--- START ---

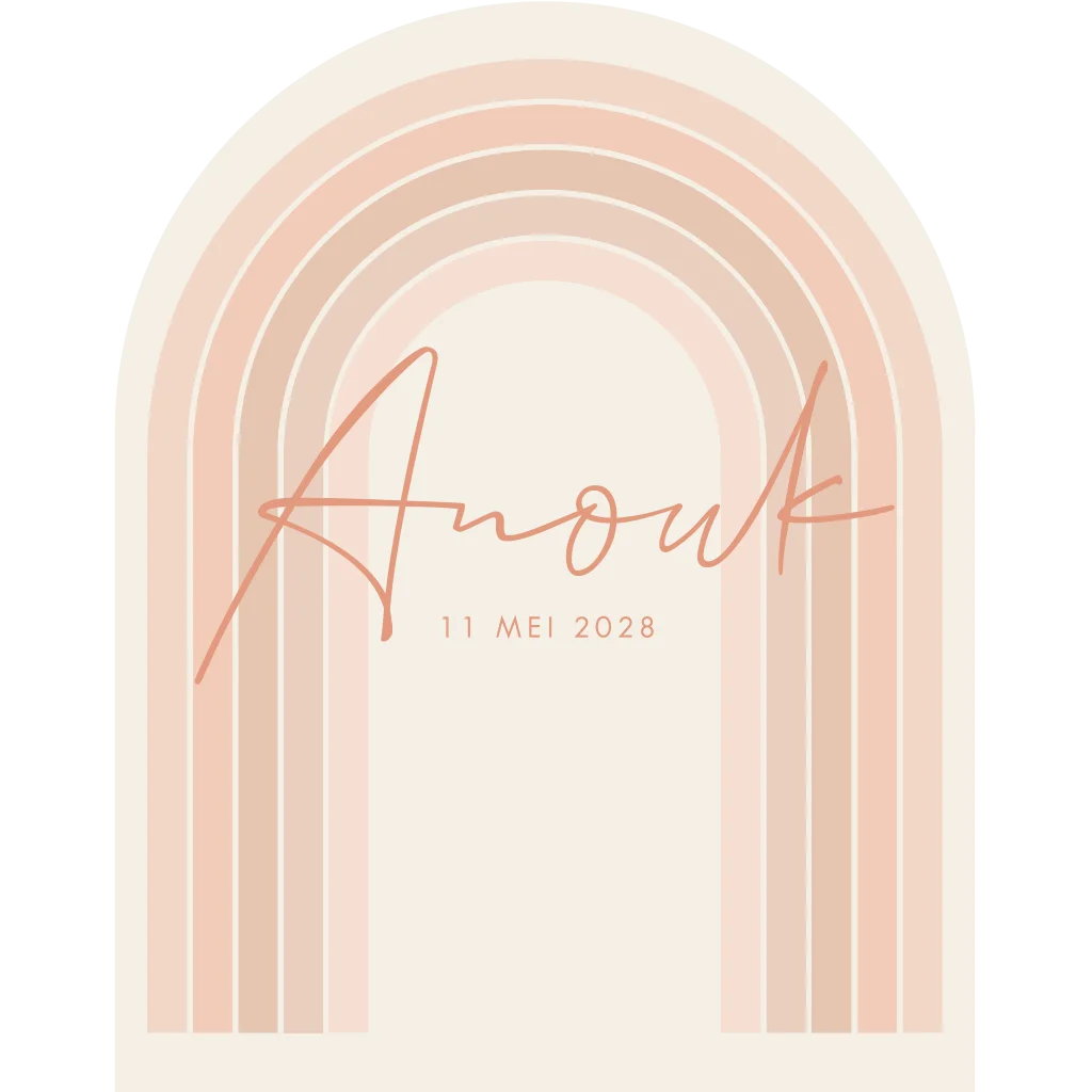 Kies voor jullie unieke dochter een écht bijzonder geboortekaartje in aparte vorm. Dit babykaartje Anouk wordt gesneden in de vorm van een arch en heeft trendy lichtroze kleuren. Bij de boogvorm van het meisjeskaartje, past een regenboog natuurlijk perfect! Wil je liever andere kleuren of teksten? Dit pas je eenvoudig aan in onze editor.
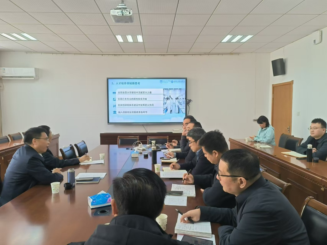 陈同扬书记简要汇报了公司党委全面从严治党、廉政建设与一岗双责履行工作情况,姚山季经理汇报了公司基本情况与团队建设规划。曹杰书记充分了解公司在党建、团队建设、团队团队、科研成果、课程教材、学科竞赛等方面所取得的成绩,并就经管公司未来团队建设和博士点申报工作提出了具体的指导意见,希望公司能够坚持以团队建设为龙头,不断积累各项教学科研成果,主动加强与相关工科公司交流合作,全力推进经管学科新发展。
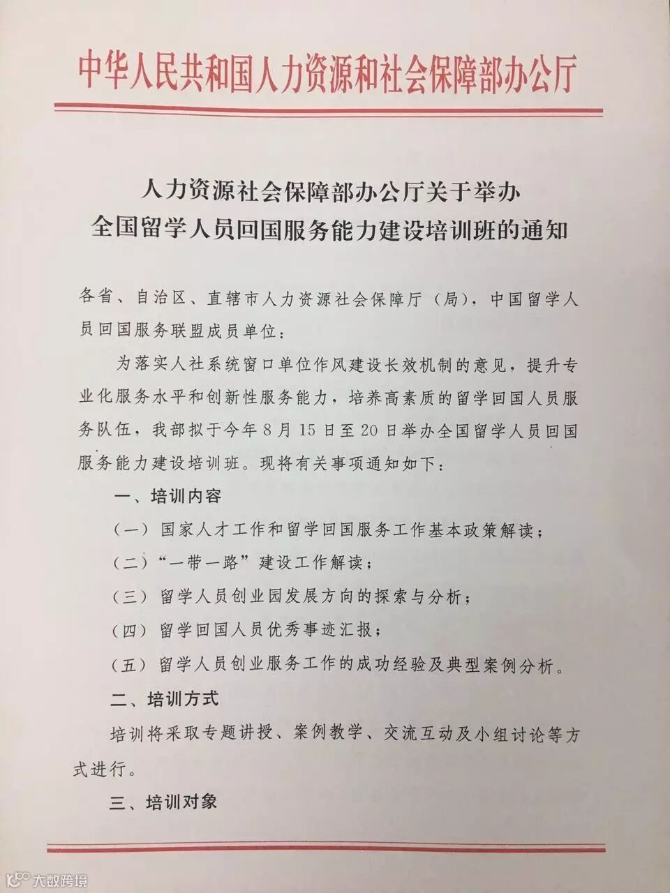 导读:为落实人社系统窗口单位作风建设长效机制的意见,提升专业化服务水平和创新性服务能力,培养高素质的留学回国人员服务队伍,我部拟于今年8月15日至20日举办全国留学人员回国服务能力建设培训班。
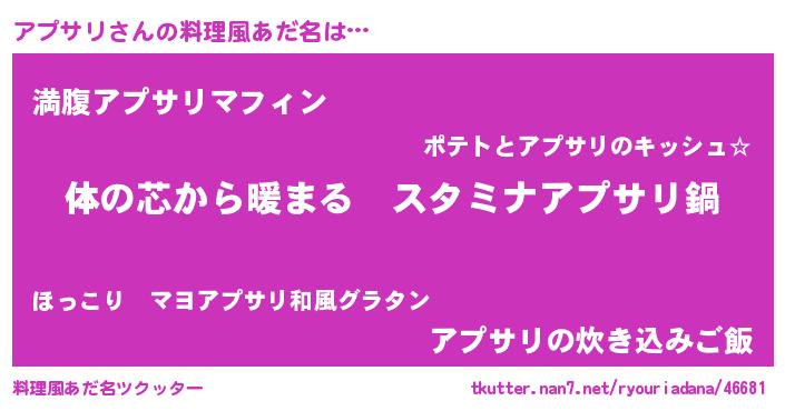 | 意味不明あだ名 | 『アプサリフォーエバー』 |

--- END ---

## WHAT YOU WILL DO
Transcribe all of the lines above exactly as given. The pictures stay out.

## EXERCISE OUTPUT
 Kies voor jullie unieke dochter een écht bijzonder geboortekaartje in aparte vorm. Dit babykaartje Anouk wordt gesneden in de vorm van een arch en heeft trendy lichtroze kleuren. Bij de boogvorm van het meisjeskaartje, past een regenboog natuurlijk perfect! Wil je liever andere kleuren of teksten? Dit pas je eenvoudig aan in onze editor.
 陈同扬书记简要汇报了公司党委全面从严治党、廉政建设与一岗双责履行工作情况,姚山季经理汇报了公司基本情况与团队建设规划。曹杰书记充分了解公司在党建、团队建设、团队团队、科研成果、课程教材、学科竞赛等方面所取得的成绩,并就经管公司未来团队建设和博士点申报工作提出了具体的指导意见,希望公司能够坚持以团队建设为龙头,不断积累各项教学科研成果,主动加强与相关工科公司交流合作,全力推进经管学科新发展。
 导读:为落实人社系统窗口单位作风建设长效机制的意见,提升专业化服务水平和创新性服务能力,培养高素质的留学回国人员服务队伍,我部拟于今年8月15日至20日举办全国留学人员回国服务能力建设培训班。
 | 意味不明あだ名 | 『アプサリフォーエバー』 |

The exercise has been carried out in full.